# Pixel King or Hanhel Tuff TTL Wireless Triggers



## Chopper (Aug 22, 2012)

Looking for a cheap, reliable TTL wireless trigger.

Any thoughts on either of these or is there something else around the same price range I should consider ?


----------



## keithfullermusic (Aug 22, 2012)

look at this thread (http://www.canonrumors.com/forum/index.php?topic=8821.0) - these retail for $100. you get two, and each is a receiver and transmitter. HSS, ETTL, ratios, manual, groups, and all from the in-camera menu.


----------



## Chopper (Aug 23, 2012)

Cheers mate - they look the goods. Seeing im very new to off camera flash I wouldn't really know what to look for except for the fact that I would like TTL to allow myself to learn more before I go full manual. 

Can't find any in Australia so just purchased a set from HK via ebay.

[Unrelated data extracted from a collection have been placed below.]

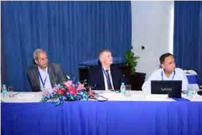
Panel Discussion - Agriculture Electronics: Opportunities in agriculture electronics: revolutionising productivity and quality

‘Precision farming through agricultural electronics’ is a rapidly growing area which is expected to significantly boost agricultural productivity. The panel explored answers for questions such as – What are the new technologies driving precision farming? How are they impacting crop management patterns? What are the issues that impact their adoption? What policy issues will impact this field? After elaborate discussions, following recommendations were made by the panellists: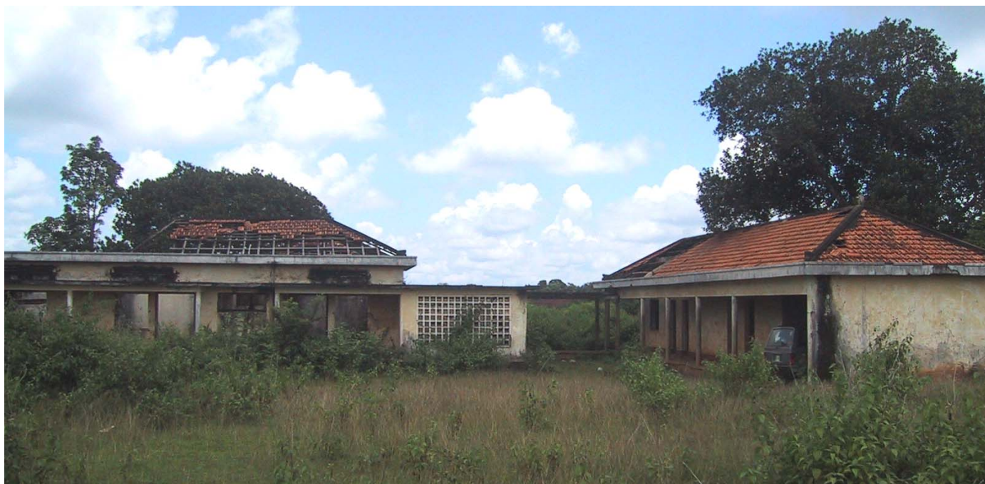
Former Royal Retreat in Saen Momourom near the central highlands of Vietnam bombed by US planes during the US-Vietnam War in the early 1970s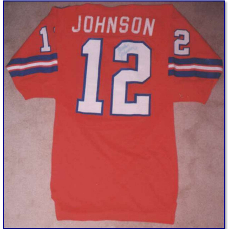
Figs. 75-2 & 75-3. Front and rear views of 1975 home jersey (C. Johnson)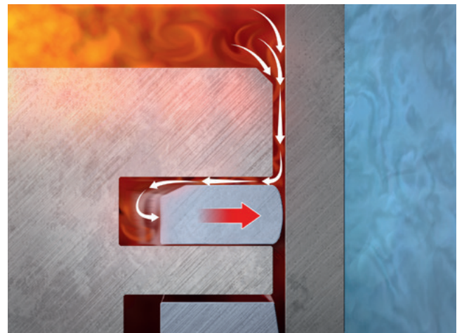
Fig. 1: Increase in pressure force due to combustion pressure

When idling and in part-load operation the combustion pressure is lower than in full-load operation. As a result, the compression rings are forced against the cylinder wall with reduced pressure. The effect of this is primarily seen in the oil scraping function of the second compression ring. In certain engines this will result in increased oil consumption.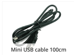
Mini USB cable 100cm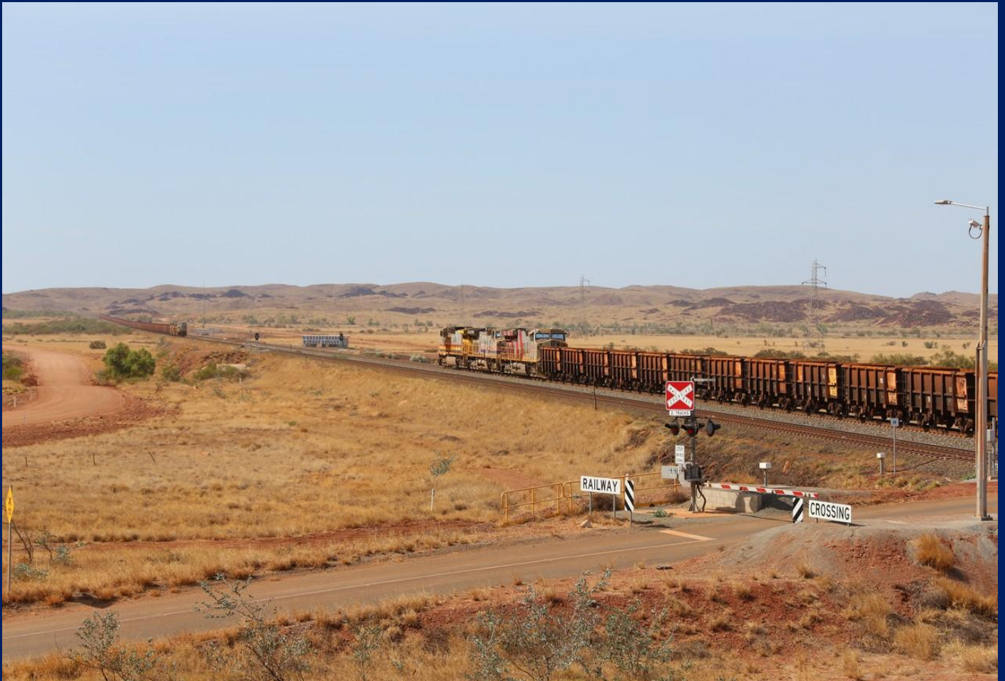
Empty to Pannawonica ore about to cross loaded ore at Archers November 24th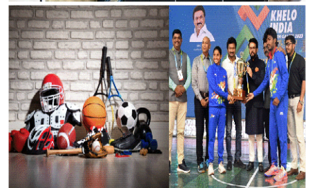
Kalaingar Sports Kit Scheme

(C) Tamil Nadu Youth Welfare and Sports Development Minister Udhayanidhi Stalin recently announced a pioneering scheme aimed at nurturing sports talent at the grassroots level. The Kalaingar Sports Kit initiative, named after late Kalaingar Karunanidhi, is set to provide sports kits to 12000 gram panchayats across the state.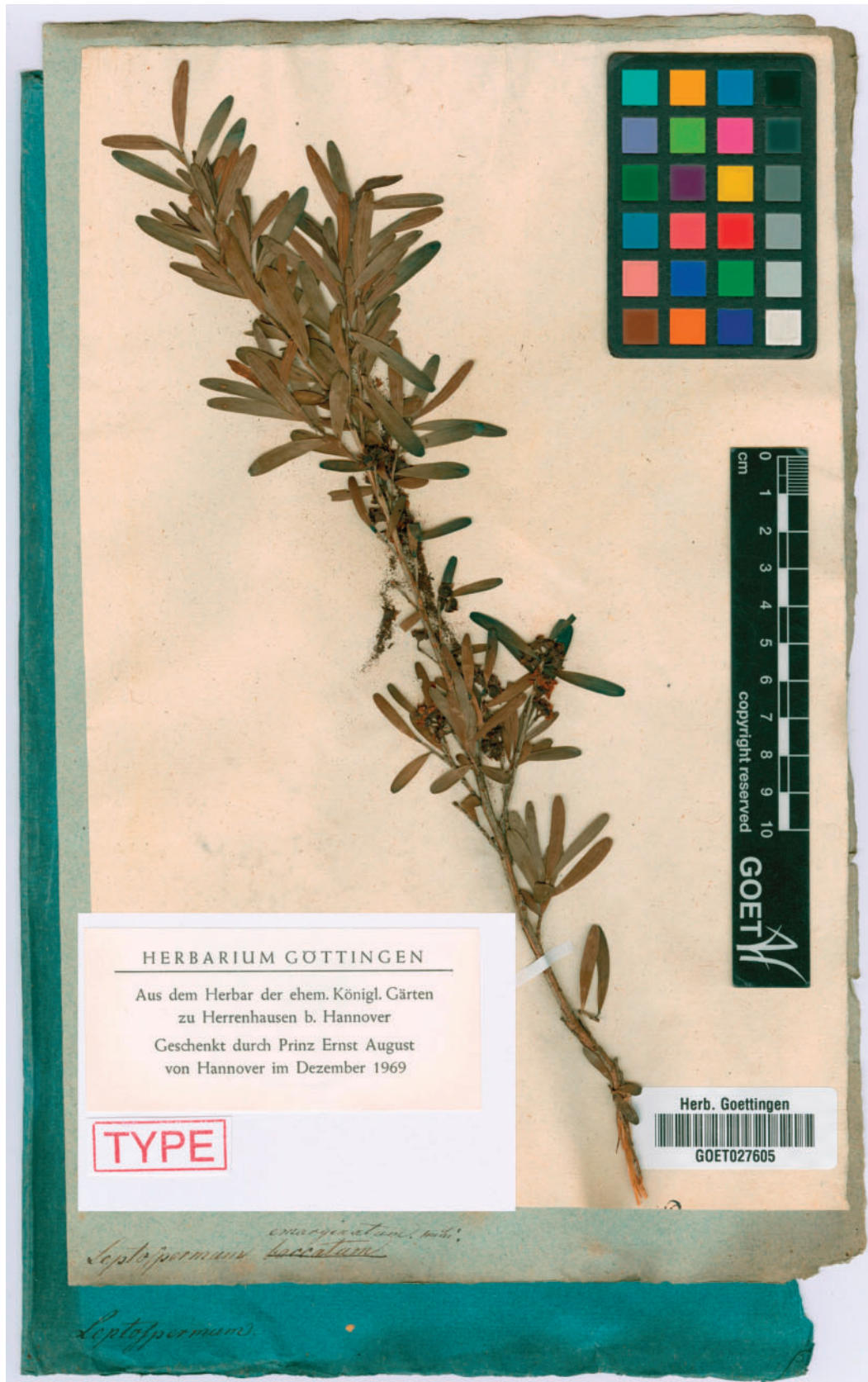
Fig. 9. Lectotype of Leptospermum emarginatum – GOET 027605.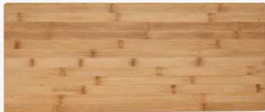
Bracket top panel*1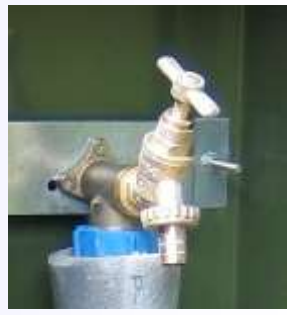
Hose Union Bib-tap 1/2" or 3/4" BS1010 DZR tap fitted Insulated MDPE pipework pre-installed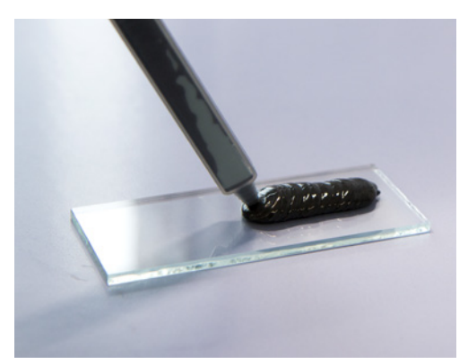
Applying the adhesive

The peel test checks the perfect adhesion of the adhesive to the substrates to be bonded. A strip of adhesive approx. 10 \times 10 mm wide or thicker should be applied to the substrates pre-treated in accordance with the specifications in the technical data sheet of the 2-component adhesive. A length of 10 cm is sufficient for the adhesive strip. After a curing time of 24 hours, cut the adhesive on one side with a knife and attempt to pull the adhesive off the substrate by hand at an angle of > 90^{\circ} .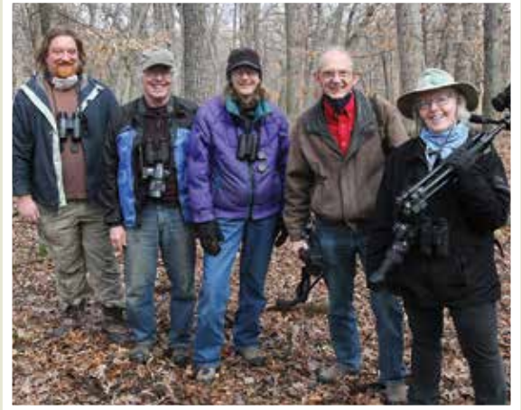
Board members after visiting the threatened Great Blue Heron Rookery in southwest Rochester.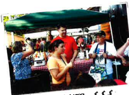
I'M A WINNER - $$$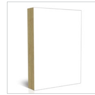
(PLY) Plywood Edging Tape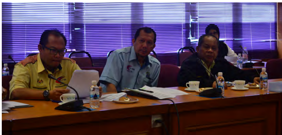
Participants of the working team giving suggestions during the meeting

The Working Team Meeting on the Result Discussion of Baseline Survey on Monitoring and Control of Fishing Effort and Landing in the Western Gulf of Thailand is an activity of the project “Strengthen Malaysia and Thai Partnership in Support of Joint Fisheries Planning and Management in the Western Gulf of Thailand” which was convened from 1 to 2 March 2016 at SEAFDEC Marine Fishery Resources Development and Management Department (MFRDMD)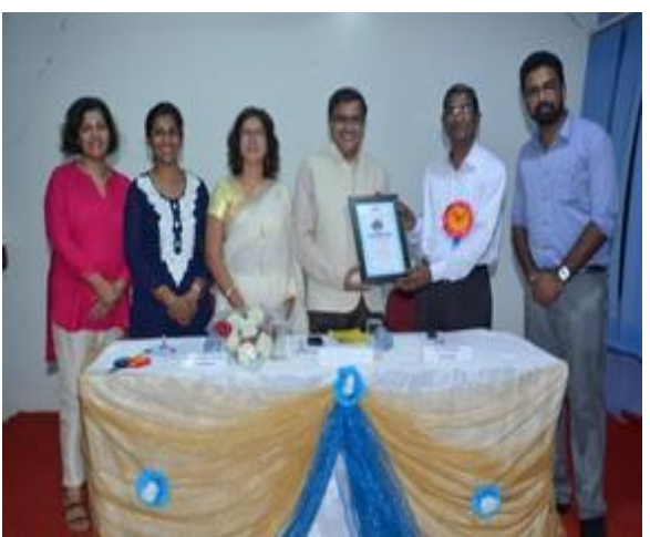
Department of Psychology , along with The Alumni Association of MES College , organized an interclass competition 'PSYCHOBUZZ' on the theme "Quality of life and Mental Health of Adolescents". This event was held on 15<sup>th</sup> December 2017.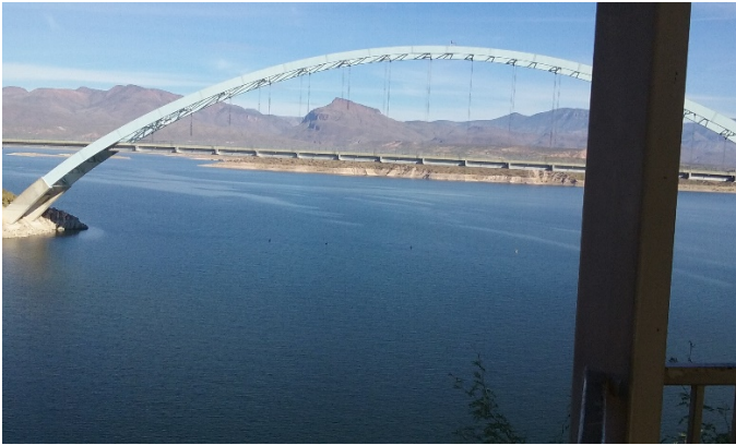
This is a beautiful bridge over the lake or is it the Salt River?.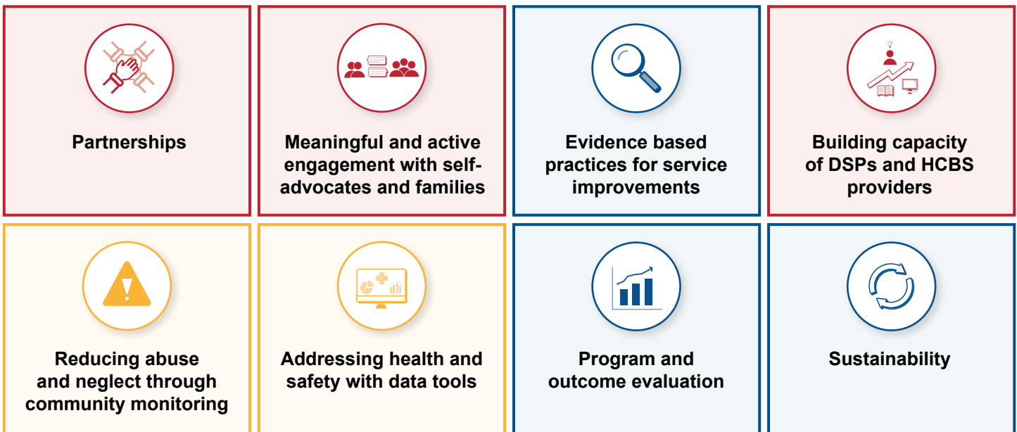
Exhibit 1. Eight Key Features of Living Well Models

Each grantee designed at least one integrated model of community monitoring and capacity building to enhance the independence, integration, health, and safety of individuals living in the community. Each model addresses eight key features specified in the funding opportunity announcement for Living Well grants (see Exhibit 1).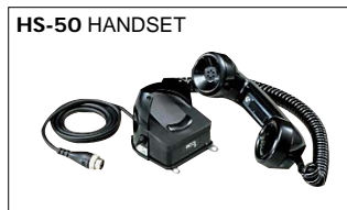
Provides clear audio reception and comes in handy for listening privacy.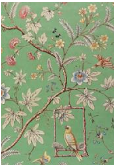
Sommerton (1930s) Hand-painted watercolour on paper

Sommerton (below) and Buckingham Toile complete the Spring range, offering captivating and elegant interpretations of strong and traditional natural motifs. With their classical and mythical connotations, birds were frequently in demand among Warner & Sons' clients. These natural themes have enjoyed appeal spanning centuries, and remain as popular with today's commercial audience as with the upper classes of the 1700s.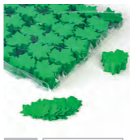
REF: HJ- TREE LEAVES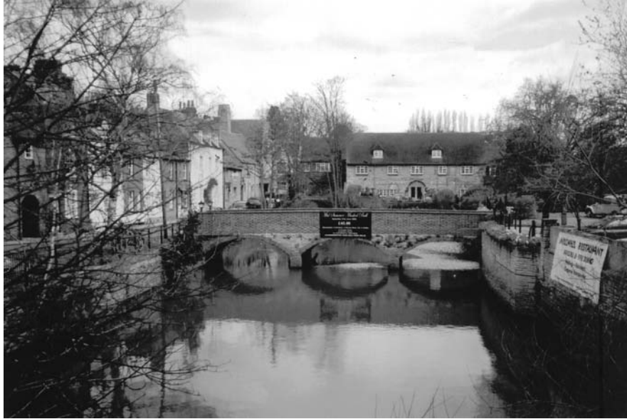
Fig. 4. View from Burford Bridge, looking east towards the site of the abbey mill. The few remaining buildings of the abbey, mainly administrative in purpose, can be seen beyond the left-hand arch of the bridge. This branch of the Thames is at the western end of Æthelwold's mill leat, c.960.

was the principal issue in the map-maker's mind. It is not mentioned in the voluminous papers accompanying various lawsuits which occurred in the sixteenth century.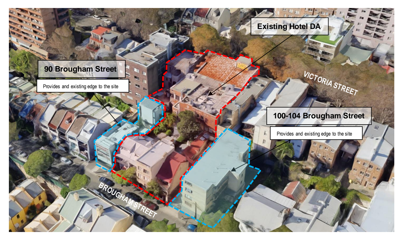
Figure 3 Perspective – looking generally north east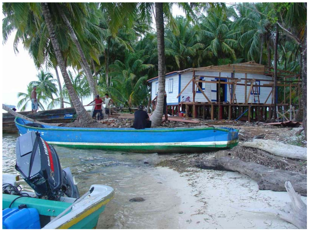
Photo 1. House built on the upper beach platform where hawksbills nest on Lime Cay, Pearl Cays, Nicaragua.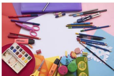
The list of vendors will be updated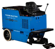
RIDE-ON FLOOR SCRAPERS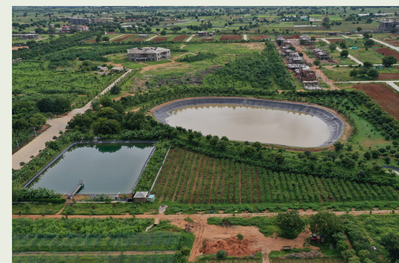
Green and Blue projects

Thanks again for the very informative link you posted


----------



## keithfullermusic (Aug 23, 2012)

Chopper said:


> Cheers mate - they look the goods. Seeing im very new to off camera flash I wouldn't really know what to look for except for the fact that I would like TTL to allow myself to learn more before I go full manual.
> 
> Can't find any in Australia so just purchased a set from HK via ebay.
> 
> Thanks again for the very informative link you posted



You will really like ettl with off camera flash, or at least the ability to adjust the flash settings from your camera. Lighting off camera varies incredibly with varying distance, especially if your subject is close to the light source (inverse square law), so have the camera adjust the flash output is huuuuuuuge.

I know a lot of guys swear by manual flash, and I agree to a certain extent, but if you're outdoors doing portraits ettl is absolutely amazing and an incredible time saver.


----------